The MCA had asked Sebi to align its provisions regarding RPTs with the Companies Act 2013. “IiAS believes Sebi should hold its own. Sebi’s provisions on related party transactions protect minority interest, while MCA has diluted its position to promote the ‘ease of doing business’,” the firm said in a report on Thursday.
The MCA has steadily diluted its stance on related party transactions since mid-2014: It lowered the threshold to pass resolutions to 50 per cent from 75 per cent, and prevented only interested parties from voting, while allowing related parties to vote.
Sebi has not aligned itself to the new regulations — and rightfully so, the advisory said.
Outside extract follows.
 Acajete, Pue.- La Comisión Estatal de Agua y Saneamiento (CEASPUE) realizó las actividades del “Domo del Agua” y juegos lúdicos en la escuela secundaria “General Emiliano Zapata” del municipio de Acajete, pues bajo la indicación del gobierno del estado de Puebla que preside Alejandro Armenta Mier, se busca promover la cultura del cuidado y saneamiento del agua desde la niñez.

“Undeniably, having two sets of regulations makes it complex for companies to operate. Such complexity is unnecessary and an alignment of regulations is imperative — in the interest of minority shareholders, the Companies Act, 2013, needs to align itself to Sebi’s Clause 49 requirements for listed companies, and not the other way around,” the firm added.
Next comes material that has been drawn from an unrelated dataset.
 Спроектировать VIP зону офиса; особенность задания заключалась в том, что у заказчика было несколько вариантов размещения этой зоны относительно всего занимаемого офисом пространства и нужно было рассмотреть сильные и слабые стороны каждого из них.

The proposed changes would make the rules meaningless as minority shareholders would not be able to block unfair transactions, it explained. "Preventing interested parties from voting, yet allowing related parties to vote takes away all meaning. Most promoter shareholding is held through a series of promoter entities (companies, trusts, and partnerships) and is also spread across a catalogue of family members. With the amendment of the Companies Act, 2013, the family and promoter entities not directly involved in the transaction can vote on the transaction, since they are not interested parties. This cuts the powers of minority shareholders at the knees. Promoters will likely manipulate their holding structures (to suit the regulations) to get their way once again, and minority shareholders, despite their 'empowered status' under the new regulations, will be unable to block unfair transactions," IiAS said.
This would be in addition to the ambiguity regarding which transactions will be brought to vote. The Companies Act, 2013, requires that transactions in the ordinary course of business and at arm's length do not require shareholder approval. But, how do companies define 'ordinary course of business'? The Act does not provide a definition or give a framework. Therefore, it is left open to companies and their boards to decide.
IiAS' research showed that only nine of the 30 S&P BSE Sensex companies had attempted to define 'ordinary course of business' in their policy regarding related-party transactions.
Sebi, to that extent, has a much simpler and clearer method of defining which transactions will come to shareholders for a vote — all those that account for over 10% of turnover.